>>>>>

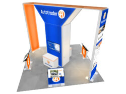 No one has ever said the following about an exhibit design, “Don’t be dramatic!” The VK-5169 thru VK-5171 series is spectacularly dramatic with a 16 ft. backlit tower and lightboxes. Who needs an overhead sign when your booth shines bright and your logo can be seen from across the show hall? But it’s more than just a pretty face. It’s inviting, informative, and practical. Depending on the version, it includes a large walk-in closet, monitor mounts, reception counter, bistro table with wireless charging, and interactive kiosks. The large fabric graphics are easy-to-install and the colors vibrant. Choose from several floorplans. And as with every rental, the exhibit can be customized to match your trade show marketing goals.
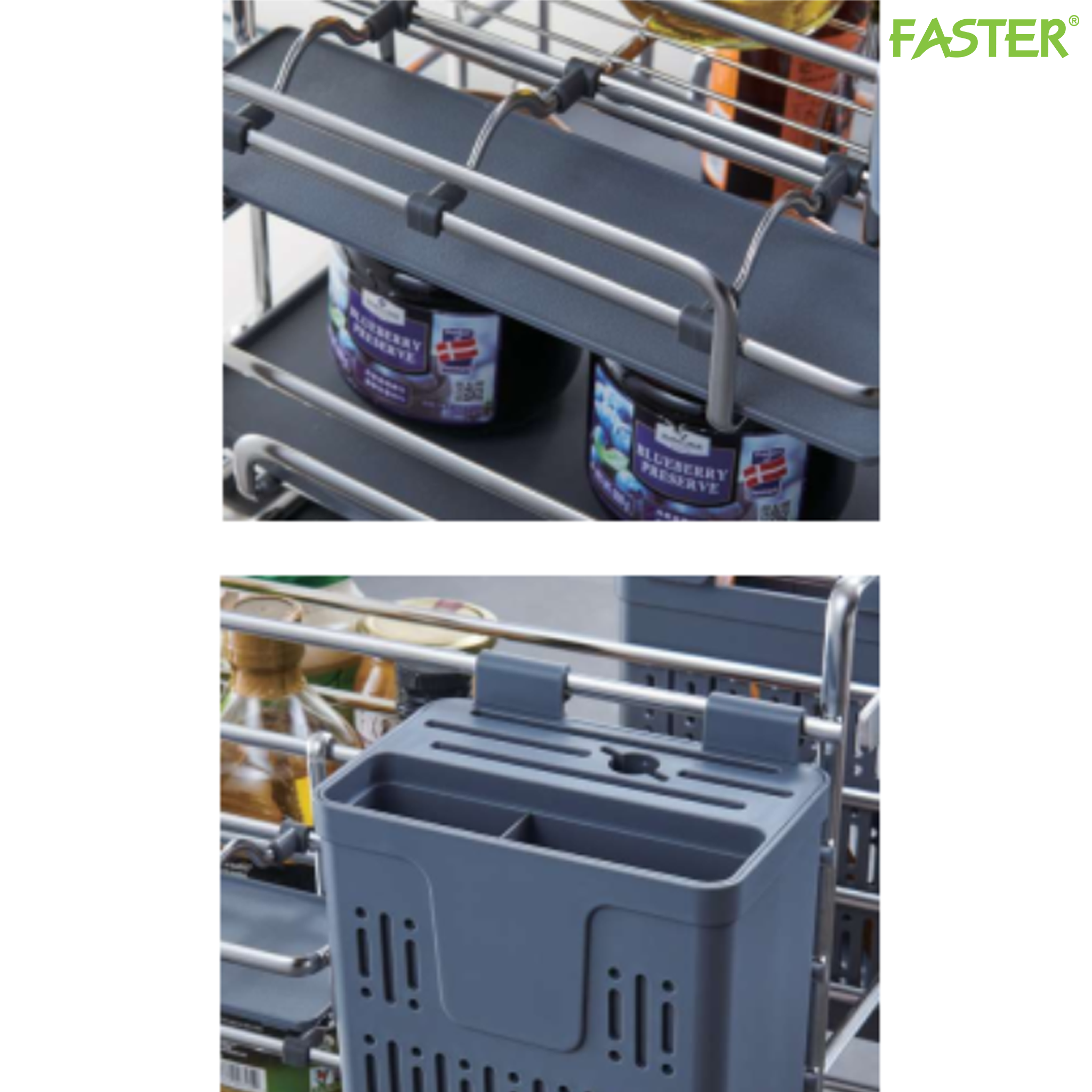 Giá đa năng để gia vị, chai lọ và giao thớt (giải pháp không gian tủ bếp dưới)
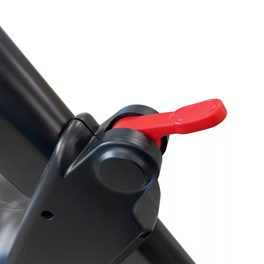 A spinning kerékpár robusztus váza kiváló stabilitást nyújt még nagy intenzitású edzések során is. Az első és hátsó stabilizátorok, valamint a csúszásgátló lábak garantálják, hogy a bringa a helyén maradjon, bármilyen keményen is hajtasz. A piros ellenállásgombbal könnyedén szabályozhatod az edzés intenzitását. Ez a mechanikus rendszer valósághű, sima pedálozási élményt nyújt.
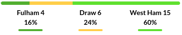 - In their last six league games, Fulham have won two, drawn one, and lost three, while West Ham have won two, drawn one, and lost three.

<<<<<
>>>>>

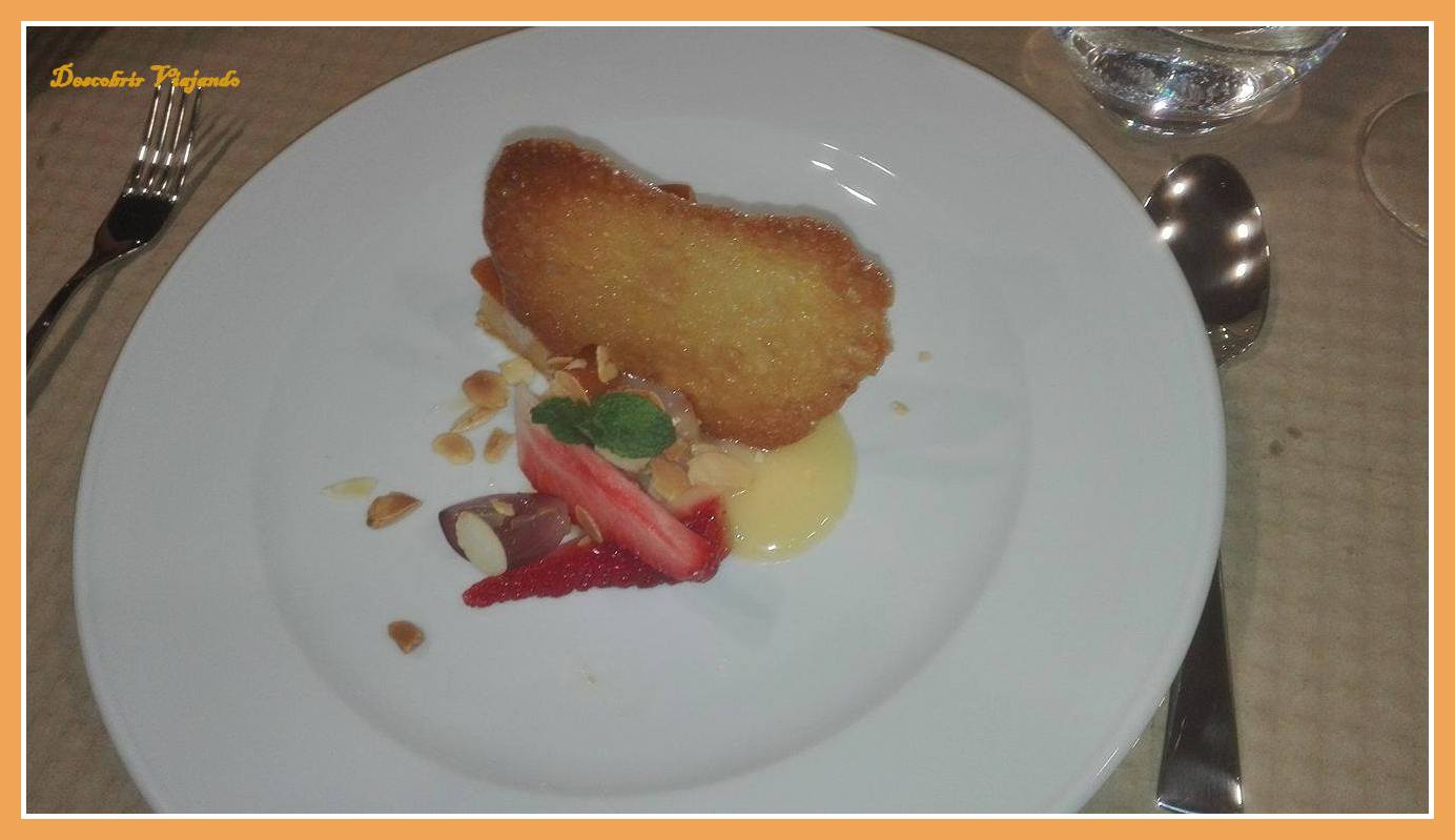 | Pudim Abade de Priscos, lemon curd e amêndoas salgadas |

<<<<<

■ Task directions ■
Extract, without any images, the part of the material above that opens with the line containing "Giá đa năng" and closes with the line containing "A spinning kerékpár", both lines included.

■ Task result ■
 Giá đa năng để gia vị, chai lọ và giao thớt (giải pháp không gian tủ bếp dưới)
 A spinning kerékpár robusztus váza kiváló stabilitást nyújt még nagy intenzitású edzések során is. Az első és hátsó stabilizátorok, valamint a csúszásgátló lábak garantálják, hogy a bringa a helyén maradjon, bármilyen keményen is hajtasz. A piros ellenállásgombbal könnyedén szabályozhatod az edzés intenzitását. Ez a mechanikus rendszer valósághű, sima pedálozási élményt nyújt.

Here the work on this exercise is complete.